バイリンガルは果たして進学に有利なのか?

裕子は留学のメリットとして、帰国子女枠の存在を指摘していた。

帰国したとき、岡崎先生と電話で話しましたが、めぐのチャンスもよく考えて生かすように、と言ってくれました。
(途中略)
HMに残ってもいいし、修了書が出る学校に移ってそれを持ってかえれば、万一、成蹊が合わなくなったとしても、帰国子女枠を使って他に行けるというメリットがあります。次の留学のとき、間違いなくヒストリーがあがります。

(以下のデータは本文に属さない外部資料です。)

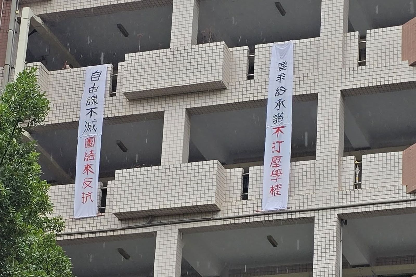 板中學生質疑劉淑芬「收手機換成績」的管理方式,將對板中自由學風造成打壓,甚至在10日校慶大樓外掛布條抗議,寫下「威權校長」「若獨裁就滾出板中」「要求給承諾不打壓學校」等內容強硬表態。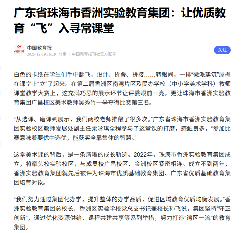 2025年,集团化办学经验被《中国教育报》专题报道,孙飞总校长在“香洲区推进‘百千万工程’暨集团化办学高质量发展研讨会”上做专题经验分享。香洲实验教育集团先后被评为区市级优质教育集团、广东省优质基础教育集团培育对象,为区域教育优质均衡发展提供了可资借鉴的样本。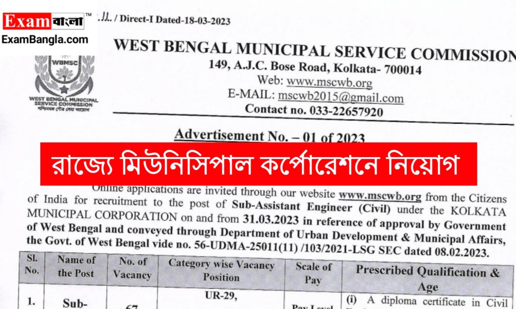 রাজ্যে মিউনিসিপাল সার্ভিস কমিশন (MSCWB) এর মাধ্যমে সাব অ্যাসিস্ট্যান্ট ইঞ্জিনিয়ার পদে কর্মী নিয়োগের বিজ্ঞপ্তি প্রকাশ করা হয়েছে। যেকোনো ভারতীয় নাগরিক অর্থাৎ পশ্চিমবঙ্গের যেকোনো জেলার প্রার্থীরা এখানে আবেদন করতে পারবেন। আবেদন পদ্ধতি শিক্ষাগত যোগ্যতা সহ বিস্তারিত জানতে নিচে রইলো আজকের এই প্রতিবেদন।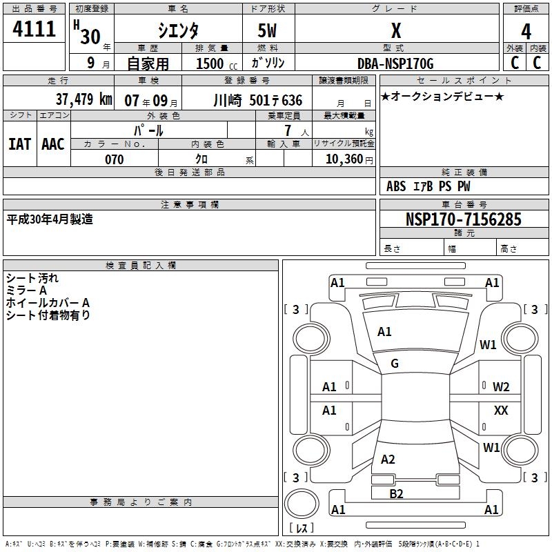 TOYOTA SIENTA X - лот 4111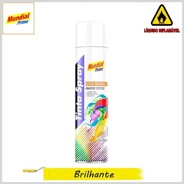Tinta Spray Uso Geral, Brilhante 400ml_240g - Branco - Mundial Prime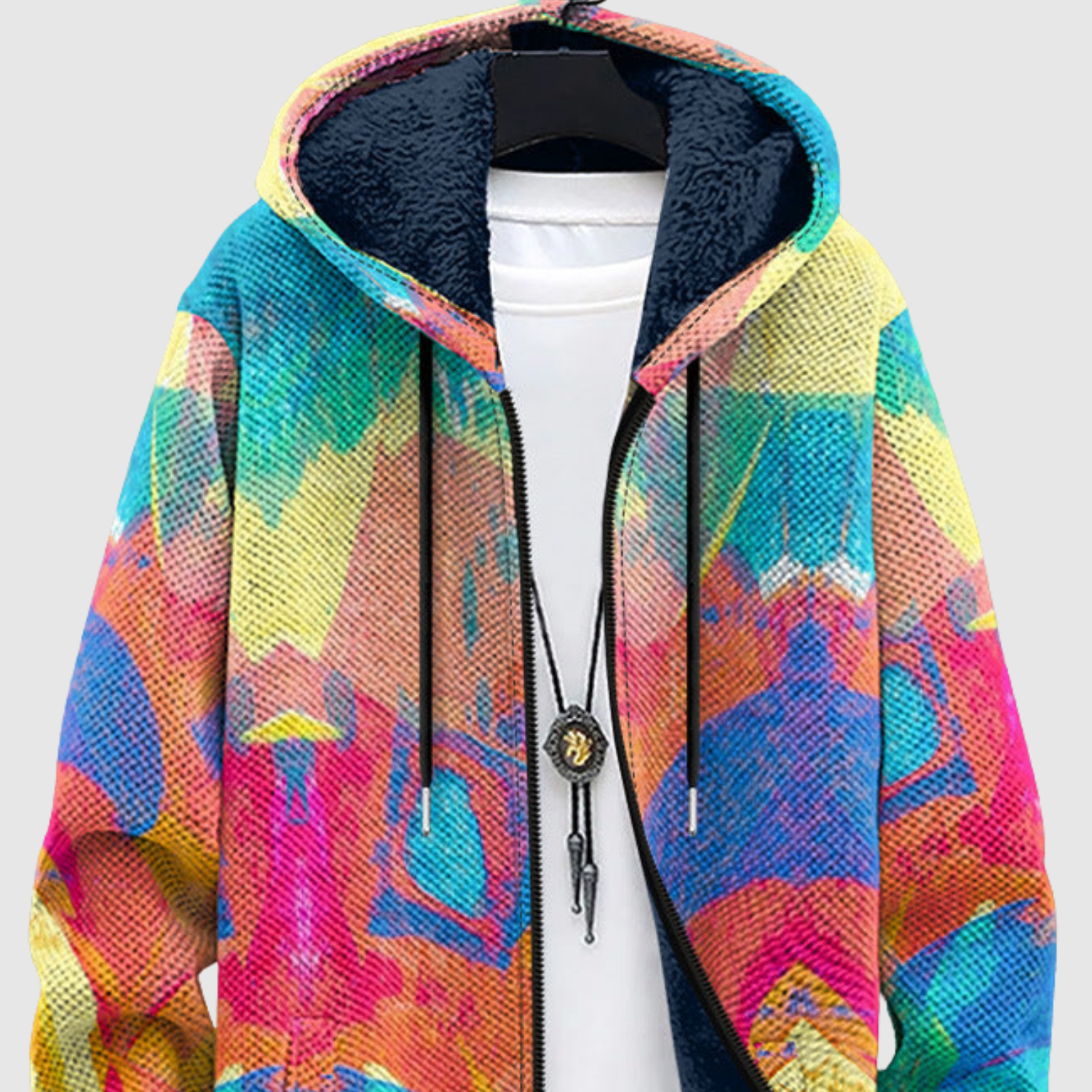 Тази худи съчетава меки преходи и силни цветови тонове в съвременен, абстрактен дизайн. Тя е перфектна за вас, които обичате креативността и комфорта – привлекателна за всеки ден и свободно време.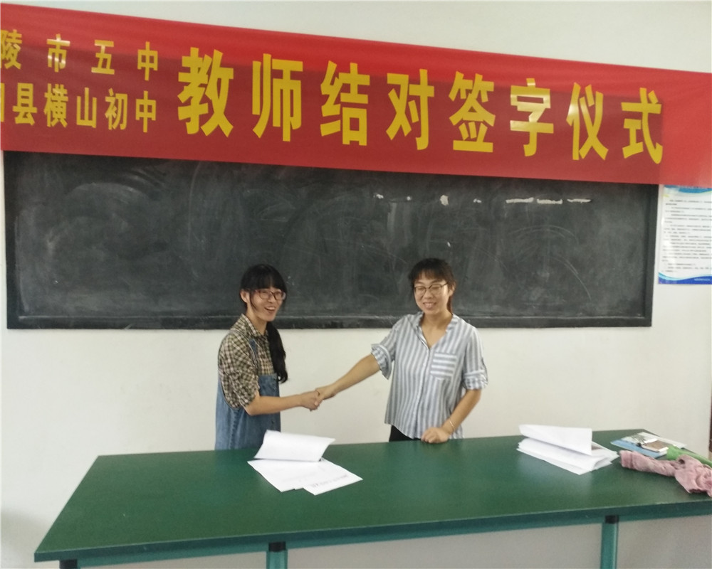 交流研討之后,在橫山中學(xué)左校長的主持下,五位老師和橫山中學(xué)的同學(xué)科老師舉行了結(jié)對簽字儀式。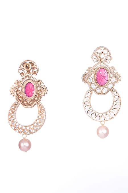 Gold Plated Pearls, Stones And Polki Chandbali Earrings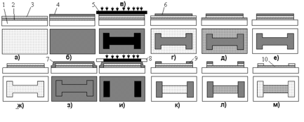 а - напыление сплошных резистивного и проводящего слоев, б - нанесение первого слоя фоторезиста, в - экспонирование первого слоя фоторезиста, г - проявление первого слоя фоторезиста, д - травление проводящего слоя, е - травление резистивного слоя, ж - удаление слоя фоторезиста, з - нанесение второго слоя фоторезиста, и - экспонирование второго слоя фоторезиста, к - проявление второго слоя фоторезиста, л - травление проводящего слоя, м - удаление второго слоя фоторезиста, 1 - подложка, 2 , 3 - слои резистивного и проводящего материаа, 4, 7 - слои фоторезиста, 5, 8 - фотошаблоны, 6, 9 - фоторезистивные маски, 10 - резистор с контактными площадками.

岡崎先生は人間としては尊敬すべき人だ。間違いなく良い先生だ。しかし、帰国子女の最近の動向を理解しているかどうかは、少し不安に思う。帰国子女枠は、今や「狭き門」なのだ。

帰国子女枠入試概況
簡単に近年の帰国子女の概況をまとめてみました。全ての学校に当てはまるわけではありませんが、「帰国子女枠入試」=「入りやすい」というのは過去のものとなってしまいました。日本国内で「全入時代」と騒がれている受験界ですが、帰国子女入試に関しては元々が少数募集ですので難しさは変わっていないようです。

こんな話もあります。帰国子女枠に予備校通いが必要とは・・・。

参考までに、大学入学時の帰国子女枠は、親の海外赴任でついていった子供が優先で、私費留学の場合、2年以上の在学期間があり、海外の高校を卒業することという条件がつく大学が多いです。また、有名大学の帰国子女枠入試は、専門の予備校へ通わなければならないほど激戦だそうです。

最近もこんなニュースがありました。門は狭くなる一方です。

福井大は1日、2012、13年度の春に入学する学生の選抜方法を変更すると発表した。帰国子女枠を廃止するほか面接や書類選考によるAO入試の出願要件を厳格にする。

帰国子女枠は縮小されつつあります。理由は単純です。帰国子女に対する認識が変わってしまったのです。「国際感覚の優れた優秀な集団」という虚像から、「日本の文化に馴染めない落ちこぼれ集団」という実態を学校側も理解してしまったのです。帰国子女を優遇する合理性がない以上、これからも枠は小さくなり続けるはずです。

まとめ
  • バイリンガルが進学に有利」という考えは、捨て去るべき。そのような状況は終わってしまった。一方で、たとえ帰国子女枠などなくても、めぐちゃんの能力なら進学に何の問題もないはずだ。私はそう信じている。
  • 進学上有利でないからと言って、バイリンガル教育すべてを否定する理由にはならない。バイリンガルの「真の利点」は、そんなことではないはずだ。